Make an exact copy of all the entries below, with the pictures left out.

Data items
###

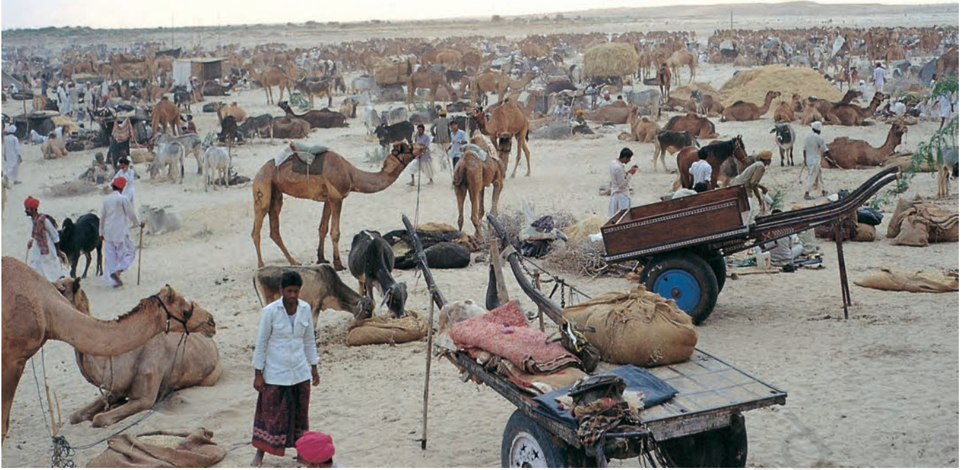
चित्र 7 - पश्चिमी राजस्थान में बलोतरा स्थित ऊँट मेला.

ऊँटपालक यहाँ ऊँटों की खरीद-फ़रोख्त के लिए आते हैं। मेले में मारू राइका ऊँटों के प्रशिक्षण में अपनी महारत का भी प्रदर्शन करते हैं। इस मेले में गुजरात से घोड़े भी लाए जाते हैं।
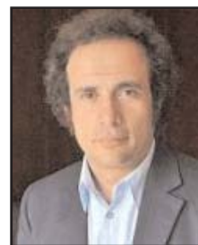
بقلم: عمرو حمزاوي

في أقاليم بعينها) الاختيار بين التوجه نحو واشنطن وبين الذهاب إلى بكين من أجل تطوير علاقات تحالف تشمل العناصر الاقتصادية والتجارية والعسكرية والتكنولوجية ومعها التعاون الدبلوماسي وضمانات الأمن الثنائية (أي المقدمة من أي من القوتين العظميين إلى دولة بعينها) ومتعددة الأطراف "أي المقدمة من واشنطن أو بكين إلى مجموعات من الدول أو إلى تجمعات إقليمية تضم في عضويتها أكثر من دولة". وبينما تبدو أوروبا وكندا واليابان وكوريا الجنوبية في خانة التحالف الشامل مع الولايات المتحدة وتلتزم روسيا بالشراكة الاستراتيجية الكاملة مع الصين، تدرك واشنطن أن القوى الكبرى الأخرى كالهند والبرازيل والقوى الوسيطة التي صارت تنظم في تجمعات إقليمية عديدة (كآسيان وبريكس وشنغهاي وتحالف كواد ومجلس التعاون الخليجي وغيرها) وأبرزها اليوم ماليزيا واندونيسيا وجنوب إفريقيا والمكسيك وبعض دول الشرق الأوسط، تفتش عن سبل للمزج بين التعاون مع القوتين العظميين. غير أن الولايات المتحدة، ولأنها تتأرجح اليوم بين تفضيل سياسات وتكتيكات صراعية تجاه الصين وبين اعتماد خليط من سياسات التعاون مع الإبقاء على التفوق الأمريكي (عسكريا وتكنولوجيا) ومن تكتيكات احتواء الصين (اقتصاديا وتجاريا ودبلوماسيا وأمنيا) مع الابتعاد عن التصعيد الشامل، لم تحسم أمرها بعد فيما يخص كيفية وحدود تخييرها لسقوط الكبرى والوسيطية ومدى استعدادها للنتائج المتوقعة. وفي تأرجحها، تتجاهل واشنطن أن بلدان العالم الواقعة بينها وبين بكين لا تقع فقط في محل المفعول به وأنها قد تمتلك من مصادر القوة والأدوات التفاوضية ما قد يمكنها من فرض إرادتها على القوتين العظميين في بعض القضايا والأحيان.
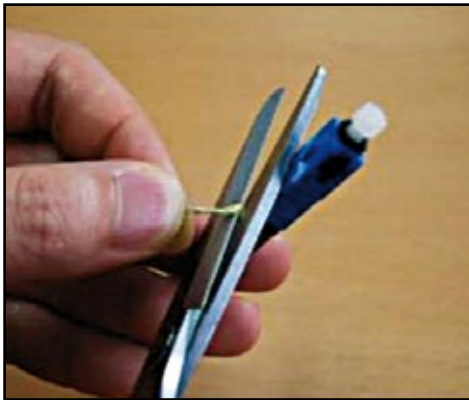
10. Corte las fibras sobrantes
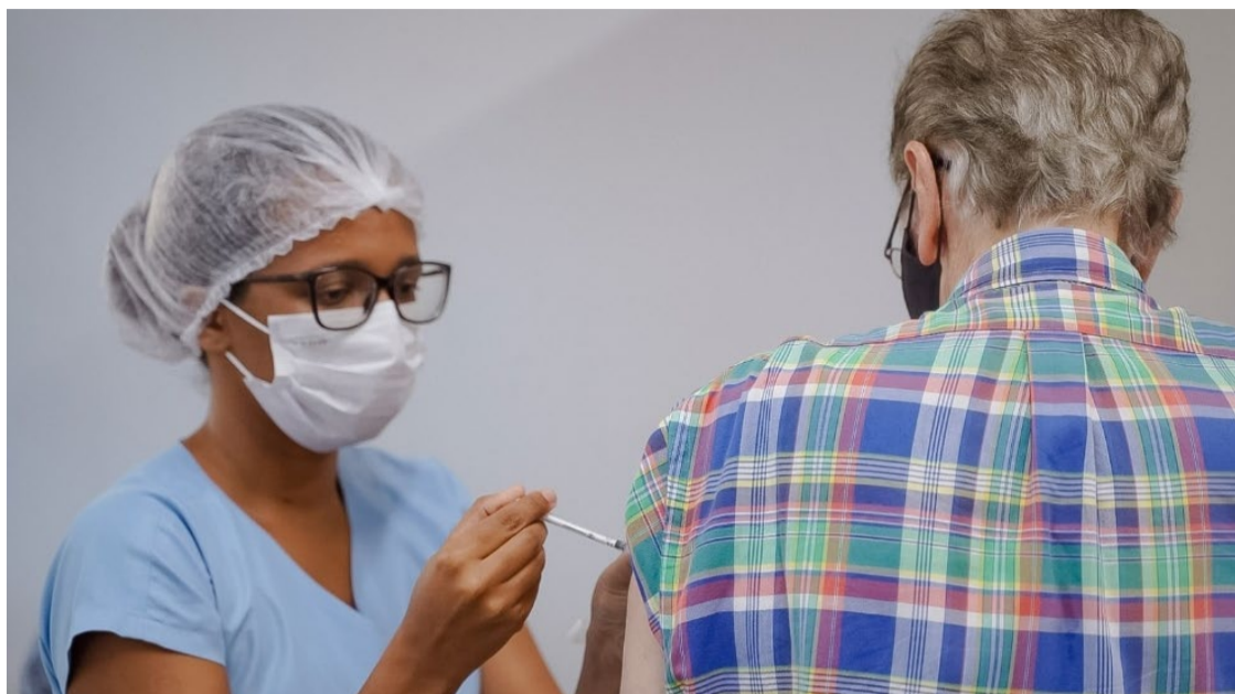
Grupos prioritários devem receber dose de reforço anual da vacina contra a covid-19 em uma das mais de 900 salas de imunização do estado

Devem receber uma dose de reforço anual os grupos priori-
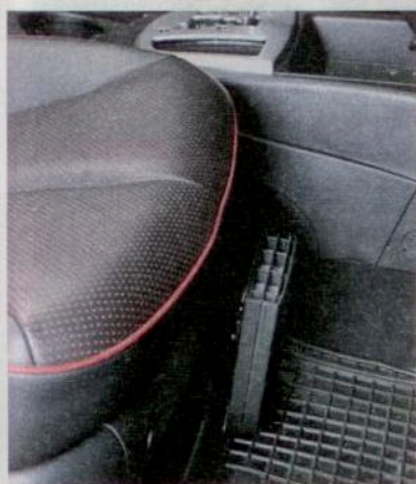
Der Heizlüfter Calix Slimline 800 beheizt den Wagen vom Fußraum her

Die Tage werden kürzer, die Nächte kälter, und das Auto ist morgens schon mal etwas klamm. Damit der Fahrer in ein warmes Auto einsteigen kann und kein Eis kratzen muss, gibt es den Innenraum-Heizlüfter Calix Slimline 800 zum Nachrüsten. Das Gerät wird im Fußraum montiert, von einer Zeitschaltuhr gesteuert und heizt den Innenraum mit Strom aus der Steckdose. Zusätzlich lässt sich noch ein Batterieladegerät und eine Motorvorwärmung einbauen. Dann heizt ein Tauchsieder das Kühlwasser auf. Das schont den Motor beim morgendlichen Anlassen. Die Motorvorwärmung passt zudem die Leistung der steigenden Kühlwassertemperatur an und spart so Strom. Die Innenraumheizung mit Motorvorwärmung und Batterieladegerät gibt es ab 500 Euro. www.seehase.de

###

- **EXERCISE ANSWER**:
चित्र 7 - पश्चिमी राजस्थान में बलोतरा स्थित ऊँट मेला.

ऊँटपालक यहाँ ऊँटों की खरीद-फ़रोख्त के लिए आते हैं। मेले में मारू राइका ऊँटों के प्रशिक्षण में अपनी महारत का भी प्रदर्शन करते हैं। इस मेले में गुजरात से घोड़े भी लाए जाते हैं।
بقلم: عمرو حمزاوي

في أقاليم بعينها) الاختيار بين التوجه نحو واشنطن وبين الذهاب إلى بكين من أجل تطوير علاقات تحالف تشمل العناصر الاقتصادية والتجارية والعسكرية والتكنولوجية ومعها التعاون الدبلوماسي وضمانات الأمن الثنائية (أي المقدمة من أي من القوتين العظميين إلى دولة بعينها) ومتعددة الأطراف "أي المقدمة من واشنطن أو بكين إلى مجموعات من الدول أو إلى تجمعات إقليمية تضم في عضويتها أكثر من دولة". وبينما تبدو أوروبا وكندا واليابان وكوريا الجنوبية في خانة التحالف الشامل مع الولايات المتحدة وتلتزم روسيا بالشراكة الاستراتيجية الكاملة مع الصين، تدرك واشنطن أن القوى الكبرى الأخرى كالهند والبرازيل والقوى الوسيطة التي صارت تنظم في تجمعات إقليمية عديدة (كآسيان وبريكس وشنغهاي وتحالف كواد ومجلس التعاون الخليجي وغيرها) وأبرزها اليوم ماليزيا واندونيسيا وجنوب إفريقيا والمكسيك وبعض دول الشرق الأوسط، تفتش عن سبل للمزج بين التعاون مع القوتين العظميين. غير أن الولايات المتحدة، ولأنها تتأرجح اليوم بين تفضيل سياسات وتكتيكات صراعية تجاه الصين وبين اعتماد خليط من سياسات التعاون مع الإبقاء على التفوق الأمريكي (عسكريا وتكنولوجيا) ومن تكتيكات احتواء الصين (اقتصاديا وتجاريا ودبلوماسيا وأمنيا) مع الابتعاد عن التصعيد الشامل، لم تحسم أمرها بعد فيما يخص كيفية وحدود تخييرها لسقوط الكبرى والوسيطية ومدى استعدادها للنتائج المتوقعة. وفي تأرجحها، تتجاهل واشنطن أن بلدان العالم الواقعة بينها وبين بكين لا تقع فقط في محل المفعول به وأنها قد تمتلك من مصادر القوة والأدوات التفاوضية ما قد يمكنها من فرض إرادتها على القوتين العظميين في بعض القضايا والأحيان.
10. Corte las fibras sobrantes
Grupos prioritários devem receber dose de reforço anual da vacina contra a covid-19 em uma das mais de 900 salas de imunização do estado

Devem receber uma dose de reforço anual os grupos priori-
Der Heizlüfter Calix Slimline 800 beheizt den Wagen vom Fußraum her

Die Tage werden kürzer, die Nächte kälter, und das Auto ist morgens schon mal etwas klamm. Damit der Fahrer in ein warmes Auto einsteigen kann und kein Eis kratzen muss, gibt es den Innenraum-Heizlüfter Calix Slimline 800 zum Nachrüsten. Das Gerät wird im Fußraum montiert, von einer Zeitschaltuhr gesteuert und heizt den Innenraum mit Strom aus der Steckdose. Zusätzlich lässt sich noch ein Batterieladegerät und eine Motorvorwärmung einbauen. Dann heizt ein Tauchsieder das Kühlwasser auf. Das schont den Motor beim morgendlichen Anlassen. Die Motorvorwärmung passt zudem die Leistung der steigenden Kühlwassertemperatur an und spart so Strom. Die Innenraumheizung mit Motorvorwärmung und Batterieladegerät gibt es ab 500 Euro. www.seehase.de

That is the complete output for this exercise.